The beauty of Water Pennywort lies in its glossy green scalloped leaves, here clinging enmasse to the walls of the cliff.   It may very well have been in flower, but its tiny translucent green flowers would be almost invisible even if they weren't hidden under the leaves.

Looking almost as leafy as that Pennywort was this liverwort (species unknown) of the prettiest glossy green.  There were several kinds of liverworts clinging to these cliffs, and this year I'm going to make it my project to learn their names.

When we reach the cliffs with the row of rectangular blocks, we know we are nearing the Feeder Dam and it's time to turn around. 

As it was, it took us over an hour to return to our launching site, even with the current pushing behind us.   Not because we had gone so far, but because there was so much more to see.  What a beautiful stretch of river!

PS:  Just for the record, I want to add that we found a single plant of Golden Pert (Gratiola aurea) growing out of a floating log here in the Betar backwater. 

Also known as Golden Hedge Hyssop, this is a plant I find growing profusely upstream, in the catchment above the Sherman Island Dam, where it carpets the muddy shores and fills every crack in the riverside rocks, despite the fact that botanical atlases show no record of its existence in Saratoga County.  I have queried many of my botanical friends, who tell me they have never seen this plant anywhere else in their area explorations, other than the catchment I mentioned.  It certainly makes sense that Golden Pert would show up downstream from that area, as the Betar backwater is, lying below the Feeder Dam in South Glens Falls.  I wonder if it will find a home here and spread as profusely as it has done upstream.    It will be interesting to watch its progress.  Or lack of it.


suep said...

It was nice to take a cue from those Bladderworts and just drift along ...
Have you ever seen them above the Feeder Dam?

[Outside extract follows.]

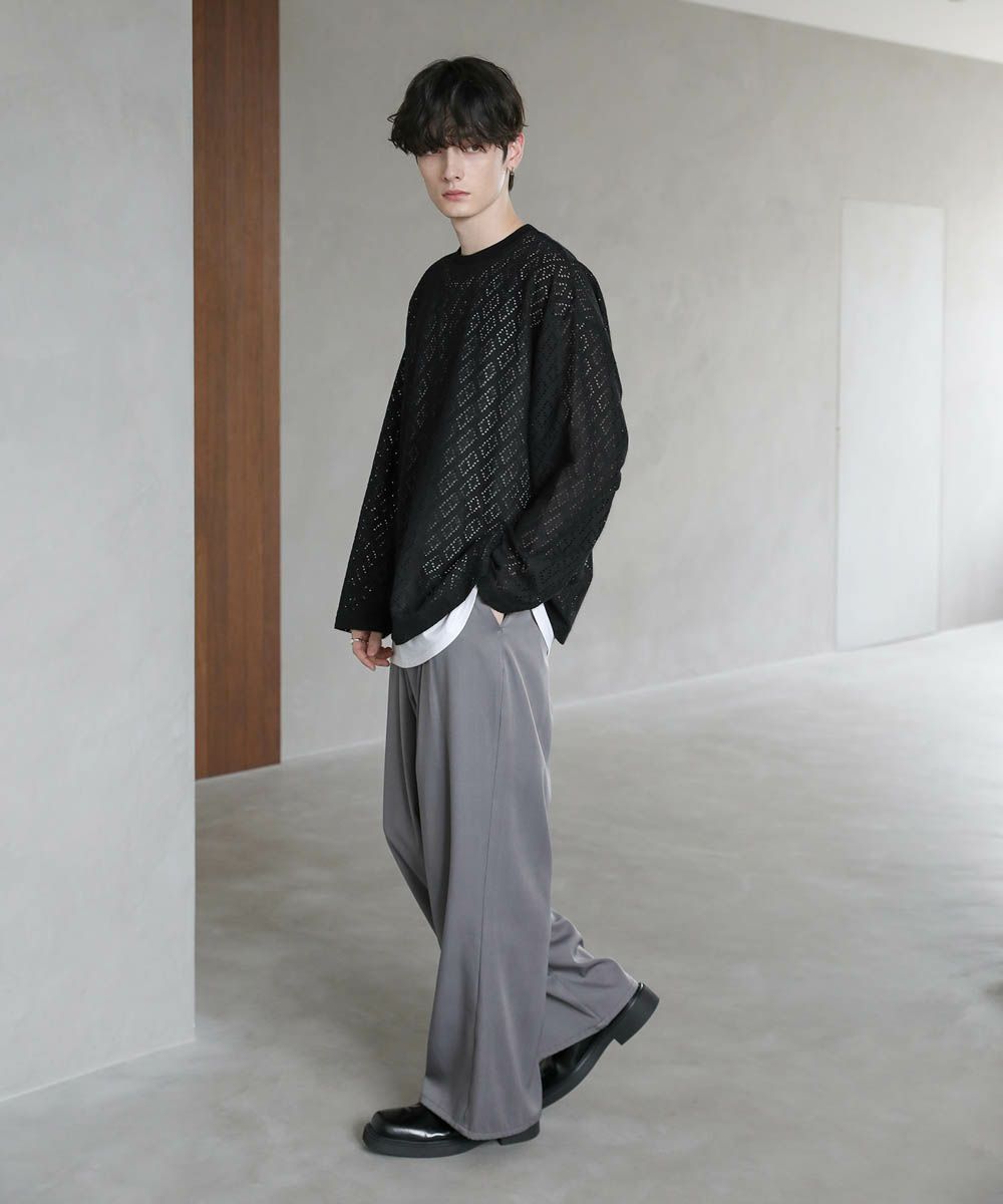 程よい透け感のレース生地で普段の着こなしに取り入れやすく、取り入れるだけでトレンドのスタイルに。ワイドボトムと合わせたリラックス感のある着こなしがおすすめです。

Jacqueline Donnelly said...

Yes, indeed, nice to drift, especially with a friend as amiable as you. No, I haven't seen this bladderwort above the Feeder Dam, but then I haven't paddled up there between the Feeder and Sherman Island Dams.

lamcgrew said...

Beautiful photos! What camera do you use?

Anonymous said...

Always wondered about this flora and fauna...thanks :)

Jacqueline Donnelly said...

Thanks for stopping by to comment, Iamcgrew and Anon. Glad you enjoyed your visits. The camera I use is a Canon PowerShot S95, a sweet little autofocus with a nice big sensor that takes pretty great photos and also fits in my pocket and lets me take photos with one hand while holding my boat still with the other.